**HOW TO COMPLETE THIS TASK**: Beginning with the line below that contains "Statua del Genio" and ending with the line that contains "High Quality Fashion", retype every line exactly. Pictures are not copied.

**DATA PROVIDED**:
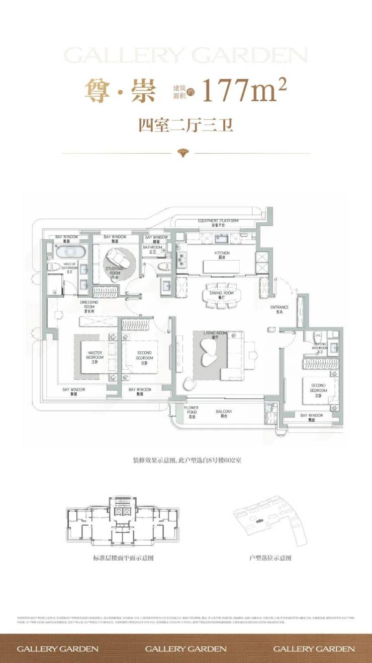 主力户型:建面约112–177㎡的三至四房,涵盖清雅(112㎡)、贵雅(120㎡)、灵感(134㎡)及奢定(177㎡)等多款高得房率户型.
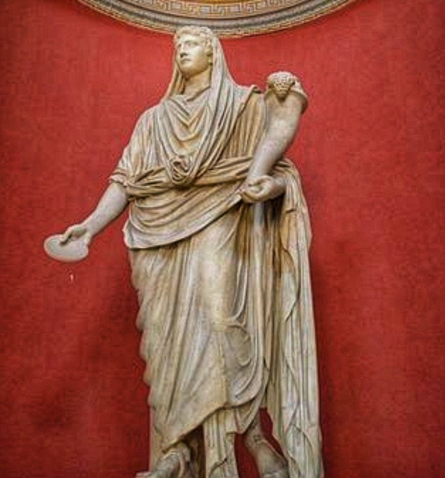 Statua del Genio Augusto presso I Musei Vaticani a Roma ed un affresco raffigurante i Genii.
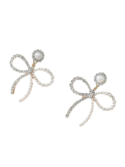 High Quality Fashion Temperament Pearl Bow Earrings Full of Diamonds
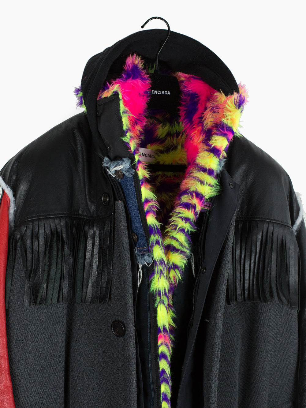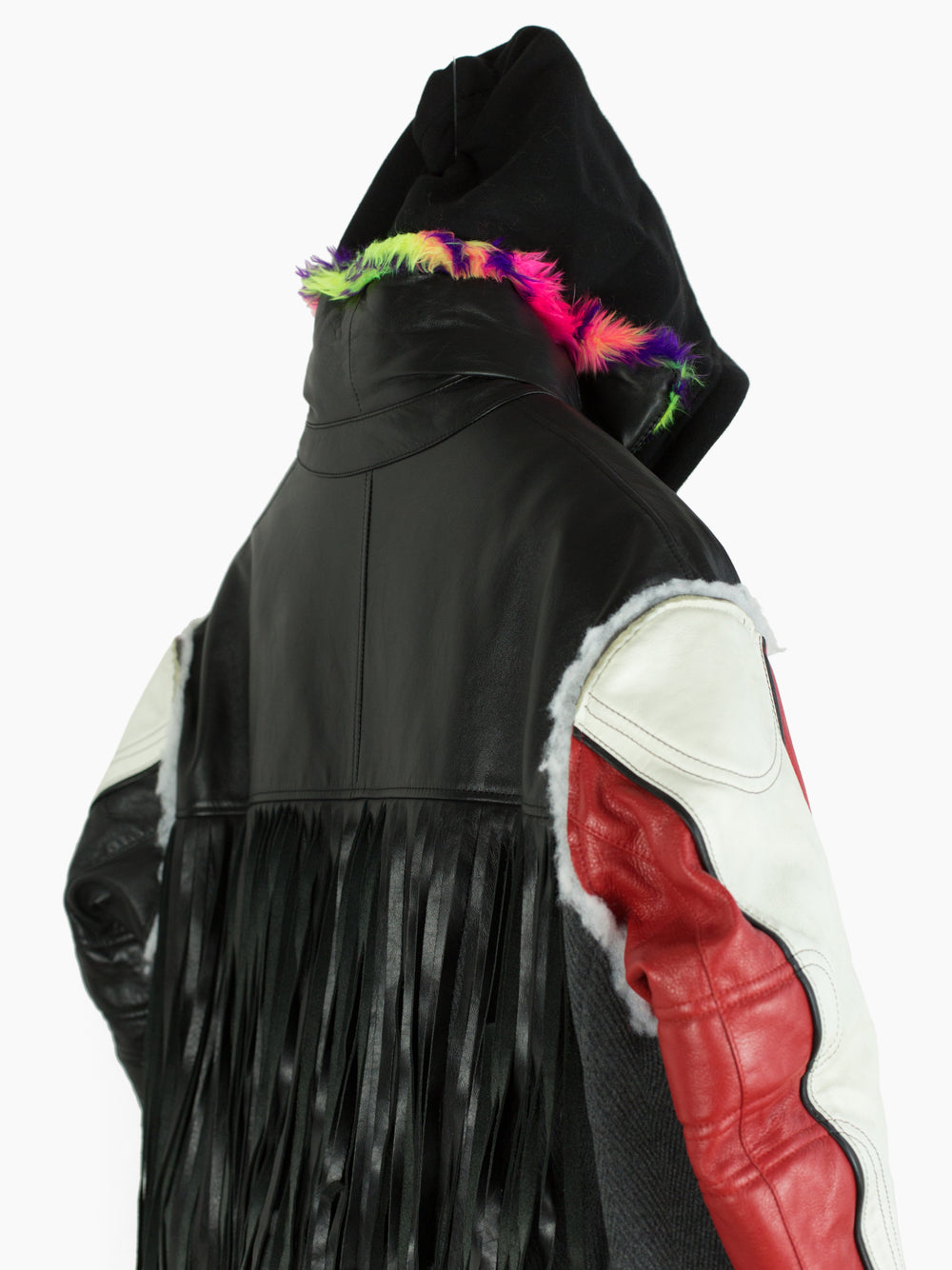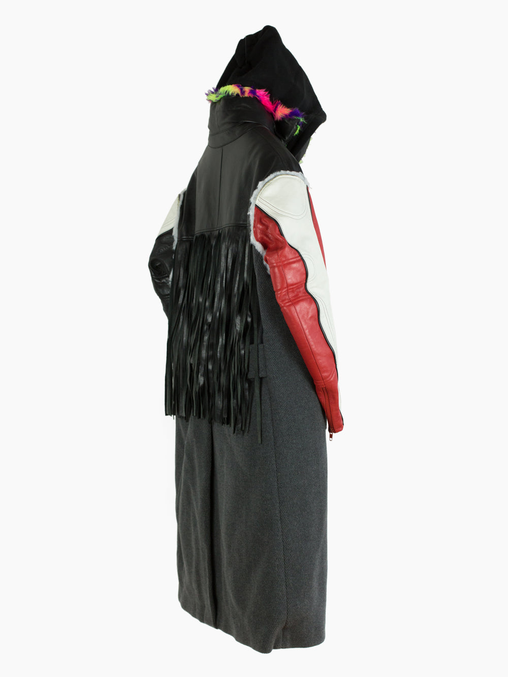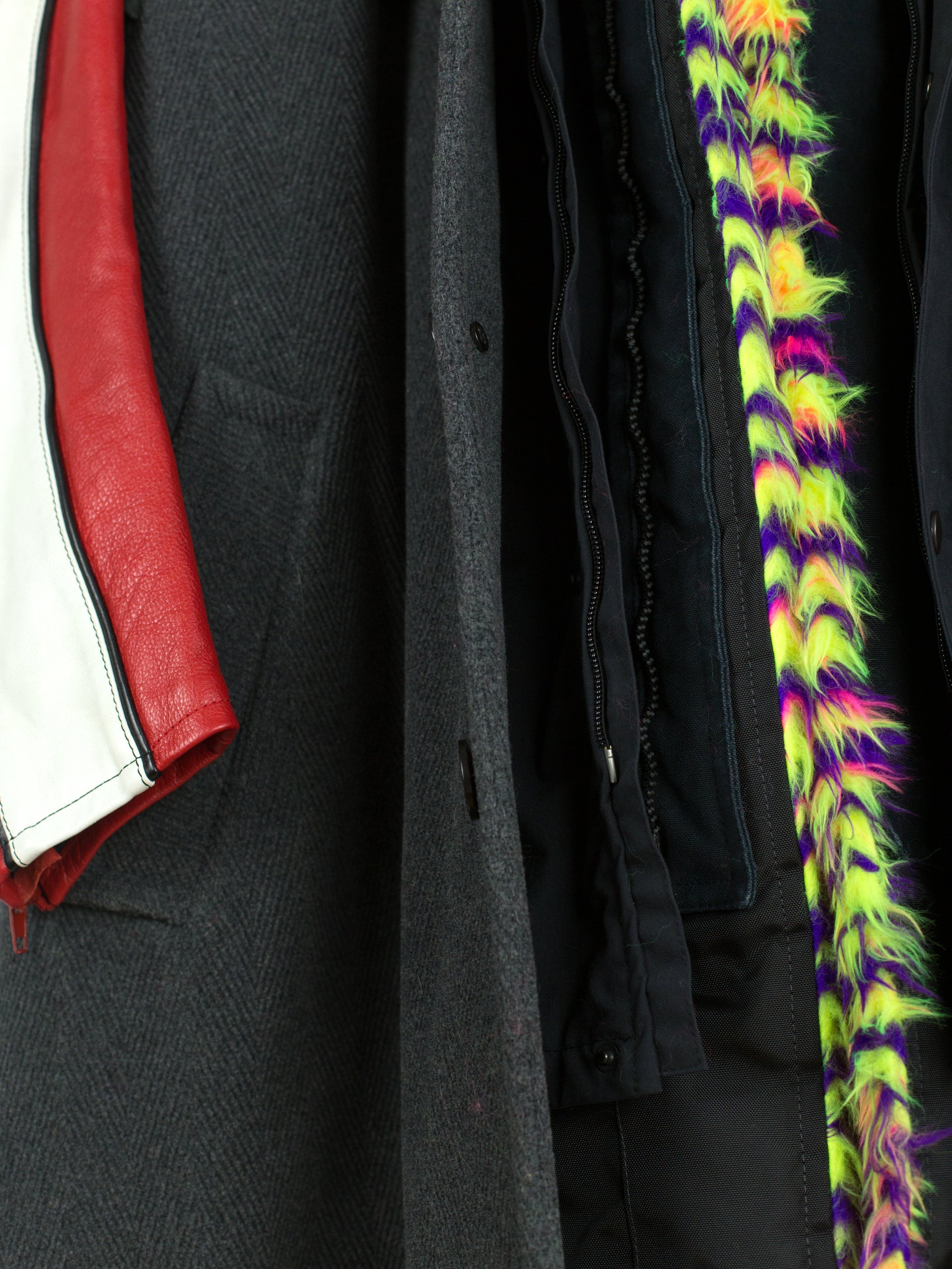 Compared to the 7-layer parkas, these layered long coats feature a more involved reconstructed look. The outer grafts multiple leather jackets onto a long wool overcoat with insulation left showing at the armholes, while on one of the middle layers the front yoke of a denim jacket is spliced onto a nylon parka body. The body is double lined, with both rainbow tiger stripe faux fur and oversized diamond quilted lining. A sweatshirt hood is sewn as if it’s sandwiched between collars, pushing it forward and giving it a funnel-like effect. Each layered jacket front has its own closure, including zippers, snaps, and buttons. The curved leather sleeves feature zippered cuffs.

**SOLUTION BELOW**:
 Statua del Genio Augusto presso I Musei Vaticani a Roma ed un affresco raffigurante i Genii.
 High Quality Fashion Temperament Pearl Bow Earrings Full of Diamonds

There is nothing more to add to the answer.